In the pre-Internet days of multimedia publishing, pioneer digital storytelling enthusiasts showed people how to digitize the old photos in their family albums, interview their relatives and digitize the interviews, then arrange the audiovisual elements into a narrative, often with voiceover narration. While this technique can be applied to personal genealogy and history of pure entertainment, digital storytelling, when used to construct a narrative presentation of true historical events, personages, and geographical locations, is one way of introducing students to participatory media, to the communication basics of compelling narrative production, and to local civic affairs. Journalism doesn't have to be global. Hyperlocal journalism that delves more deeply into local events than mass media does can also serve as a springboard for civic engagement.
I had been reading these MacArthur Foundation Series on Digital Media and Learning books online and enjoying them quite a bit before realizing just how badly I wanted to actually hold one of them while I read it. Not just because I can establish a more meaningful, in-depth dialogue with a text when its medium is a book with tangible weight and scent, but because I wanted something to covet as an object, to hold this nifty little collection of essays exploring so much of what had been kicking up all this dust in my own head the last few years.

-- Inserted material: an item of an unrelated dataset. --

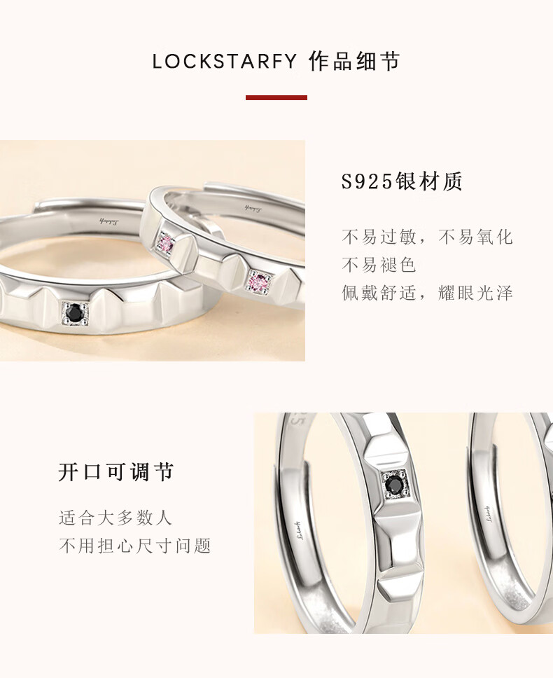 LOCKSTARFY French brand first love couple ring for girlfriend and wife love gift adjustable high-end ring LJY00341 red brand gift box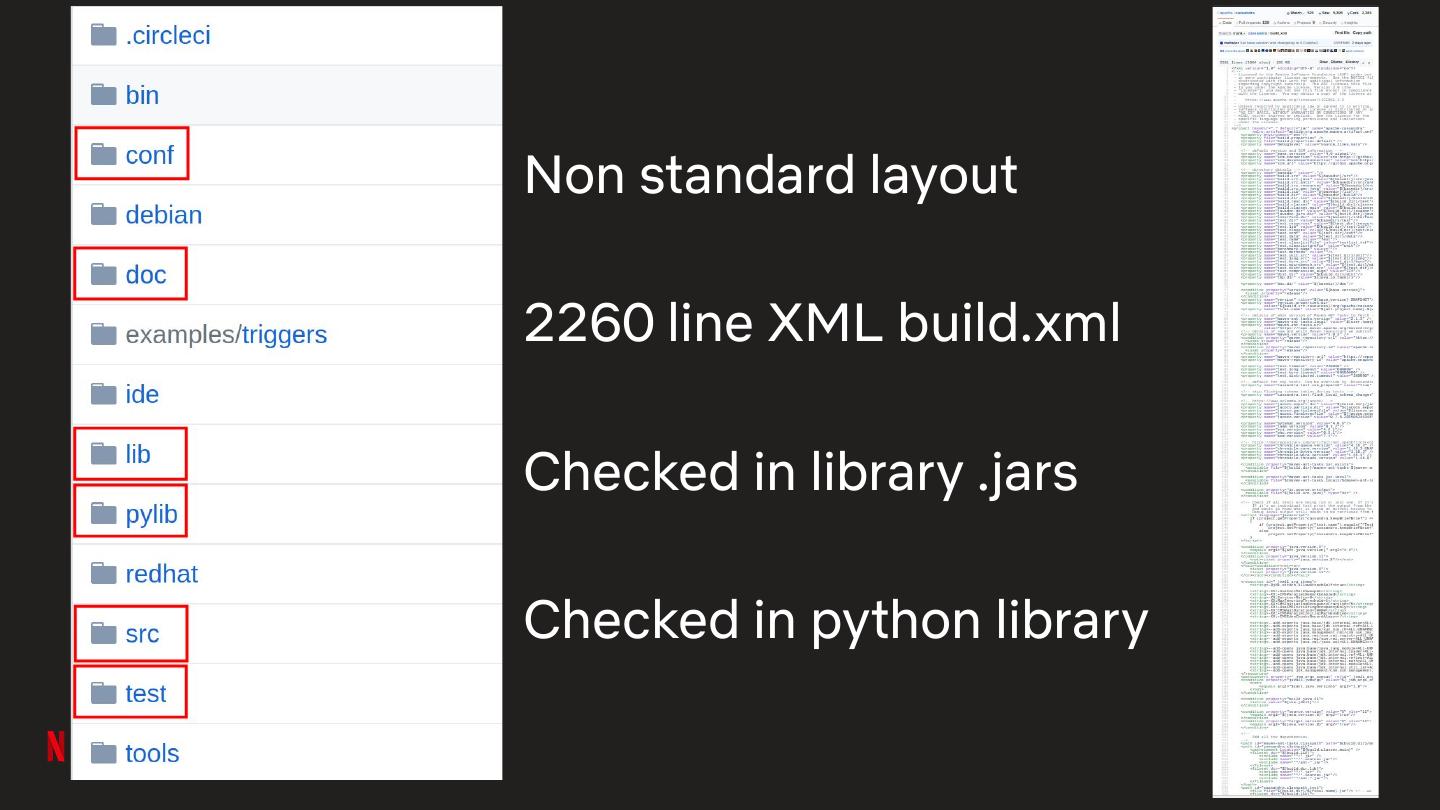 17 .Non standard layout 2260 line XML build.xml Checked in library .jars Checked in python library

Howard Reingold's essay, "Using Participatory Media and Public Voice to Encourage Civic Engagement," from which the above quote comes from, deftly explores some of the issues concerning youth, civic engagement and digital journalism/storytelling that I've been haphazardly exploring over the last few years. Namely I've been kicking around how we take these elements and make them part of our library programming. What would such programming look like? A series of workshops? What are our goals? Do we explore this first with a round-table of local teens? What do we discuss and are they even interested in the first place? I'm pretty confident they are. In fact, the hyperlocal journalism Reingold mentions is already happening in after school and community-based programs lucky to have, more often then not, foundational support.
Public Libraries aren't looking to stir the pot of community controversy (their very existence is often controversy enough), but I do think they have a vital role to play in offering their patrons with the tools necessary to tell their stories (even controversial ones) and, ideally, engage their communities. Because after all, once the story has been crafted, it needs to find its audience. Which is why I've also been kicking around so much dust thinking about DIY marketing and distribution models.